Trying out aggregation on data in a collection. Example data:

 {
        "_id" : "244",
        "pubName" : "p1",
        "serviceIdRef" : "36e9c779-7865-4b74-a30b-e4d6a0cc5295",
        "serviceName" : "my-service",
        "subName" : "c1",
        "pubState" : "INVITED"
    }

I would like to:

  1. Do a match by something (let’s say subName) and and group by serviceIdRef and then limit to return X entries
  2. Also return for each of the serviceIdRefs, the count of the documents in each of ACTIVE or INVITED states. And Y (for this example, say Y=3) documents that are in this state.

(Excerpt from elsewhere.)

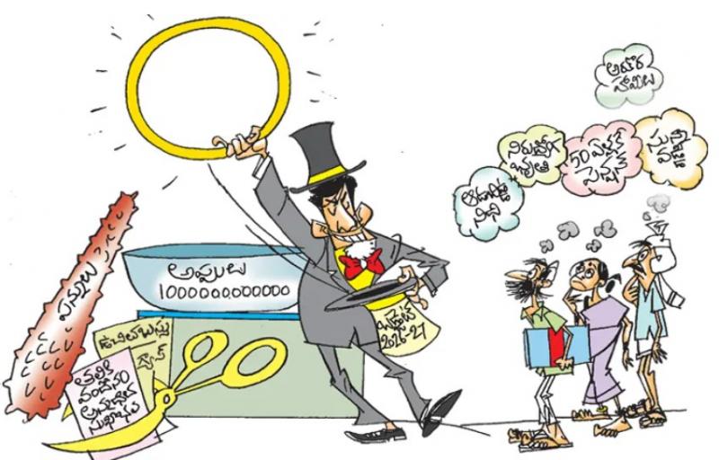 అమరావతి: రాష్ట్రంలో 1.80 లక్షల మంది మహిళలకు చంద్రబాబు ‘ఆడబిడ్డ నిధి’ ఇస్తామని హామీ ఇచ్చారు. ఒక్కొక్కరికీ ఏటా రూ.18 వేలు చొప్పున మూడేళ్లలో దాదాపు రూ.లక్ష కోట్లు ఇవ్వాలి. కానీ.. మూడు బడ్జెట్లు ప్రవేశపెట్టినా ఇచ్చింది మాత్రం సున్నా. 20 లక్షల మంది నిరుద్యోగులకు భృతి ఇస్తామన్నారు. నెలకు రూ.3 వేలు చొప్పున మూడేళ్లలో నిరుద్యోగ యువతకు రూ.21,600 కోట్లు ఇవ్వాలి. కానీ.. ఇచ్చింది గుండు సున్నా. 50 ఏళ్లు నిండిన ఎస్సీ, ఎస్టీ, బీసీ, మైనార్టీలు 20 లక్షల మందికి పెన్షన్ హామీని నెరవేర్చకుండా మూడేళ్లలో రూ.28,800 కోట్లు ఎగనామం పెట్టారు. సున్నా వడ్డీ పథకానికి తూట్లు పొడిచి దాదాపు కోటి మంది పొదుపు మహిళలతోపాటు రైతులనూ దగా చేశారు. సూపర్ సిక్స్, ఎన్నికల హామీలను నెరవేర్చకుండా మూడు కోట్ల మందికిపైగా మహిళలు, రైతులు, యువతకు చంద్రబాబు వెన్నుపోటు పొడిచారు. మూడో బడ్జెట్లోనూ వాటి ప్రస్తావనే లేకుండా చేసి ఇక ఆ పథకాలను అమలు చేయబోమని విస్పష్టంగా అసెంబ్లీ సాక్షిగా ప్రకటించినట్లైంది. తల్లికి వందనం పథకానికి రూ.13,112 కోట్లు కావాల్సి ఉంటే ఈ బడ్జెట్లో ఇచ్చింది రూ.8,457 కోట్లే! మొదటి ఏడాది పూర్తిగా ఎగ్గొట్టి రెండో ఏడాది కోతలతో సరిపుచ్చారు. అన్నదాతా సుఖీభవ కింద పాత బకాయిలతో కలిపి రూ.27,455 కోట్లు ఇవ్వాల్సి ఉంటే బడ్జెట్లో చేసిన కేటాయింపులు రూ.6,600 కోట్లు మాత్రమే. దీపం పథకం అమలుకు ఏటా రూ.4,200 కోట్లు అవసరం కాగా బడ్జెట్లో ప్రతిపాదించింది కేవలం రూ.2,601 కోట్లే! ‘దీపం’ పథకం కింద బకాయిలతో కలిపి రూ.6,183 కోట్లు ఎగనామం పెట్టారు. మహిళలకు ఉచిత బస్సు హామీని తొలి ఏడాది నెరవేర్చకుండా రూ.3,200 కోట్లు ఎగ్గొట్టారు. రెండో ఏడాది నుంచి అనేక ఆంక్షలతో అరకొరగా అమలు చేస్తున్నారు. ఇక ఉద్యోగుల బకాయిలు దాదాపు రూ.40 వేల కోట్లు ఉండగా పెండింగ్లో ఉన్న 4 డీఏలు ఎప్పుడు అందుతాయో తెలియని దుస్థితి నెలకొంది. ఇలా అన్ని వర్గాలను మోసం చేస్తూ రూ.3.32 లక్షల కోట్లతో 2026–27 వార్షిక బడ్జెట్ను టీడీపీ కూటమి సర్కారు బడ్జెట్ను శనివారం అసెంబ్లీకి సమర్పించింది. సంక్షేమం, అభివృద్ధి, సంపద సృష్టి అనేది బడ్జెట్లో ఎక్కడా లేకపోగా ప్రభుత్వ గ్యారెంటీ రుణాలను దాచి పెట్టింది. భారీ అప్పులు, పన్నులు, పన్నేతర వాతలు మాత్రం బడ్జెట్లో ప్రస్ఫుటంగా కనిపించాయి. పది సూత్రాల సూక్తులు మినహా కార్యాచరణ బడ్జెట్లో కానరాలేదు. పేదల ఇళ్లపై కక్ష.. పేదల ఇళ్ల నిర్మాణంపై చంద్రబాబు సర్కారు కక్షగట్టినట్లు వ్యవహరిస్తోంది. కాగితాలపై కేటాయింపులు మినహా ఖర్చు చేయడం లేదు. గత రెండు బడ్జెట్లలో కేటాయింపులు, వాస్తవ వ్యయం తీరే దీనికి నిదర్శనం. 2024–25లో పేదల ఇళ్ల నిర్మాణాలకు రూ.4,012 కోట్లు కేటాయించగా రూ.1,611 కోట్లు మాత్రమే వెచ్చించారు. 2025–26లో రూ.6,317 కోట్లను కేటాయించగా సవరించిన అంచనాల్లో వ్యయం కేవలం ర

For example, the output would appear as (in brief):

   [
    {
        serviceIdRef: "36e9c779-7865-4b74-a30b-e4d6a0cc5295",
        serviceName:
        state:[
            {
                pubState: "INVITED"   
                count: 200
                sample: [ // Get those Y entries (here Y=3)
                    {
                        // sample1 like:
                        "_id" : "244",
                        "pubName" : "p1",
                        "serviceIdRef" : "36e9c779-7865-4b74-a30b-e4d6a0cc5295",
                        "serviceName" : "my-service",
                        "subName" : "c1",
                        "pubState" : "INVITED"

                    },
                    {
                        sample2
                    },
                    {
                        sample3
                    }
                ]
            },
            {
                pubState: "ACTIVE",
                ......
            }
        ]
    }
    {
        repeat for another service
    }
]

So far I have written this but am not able to get those Y entries. Is there another (better) way?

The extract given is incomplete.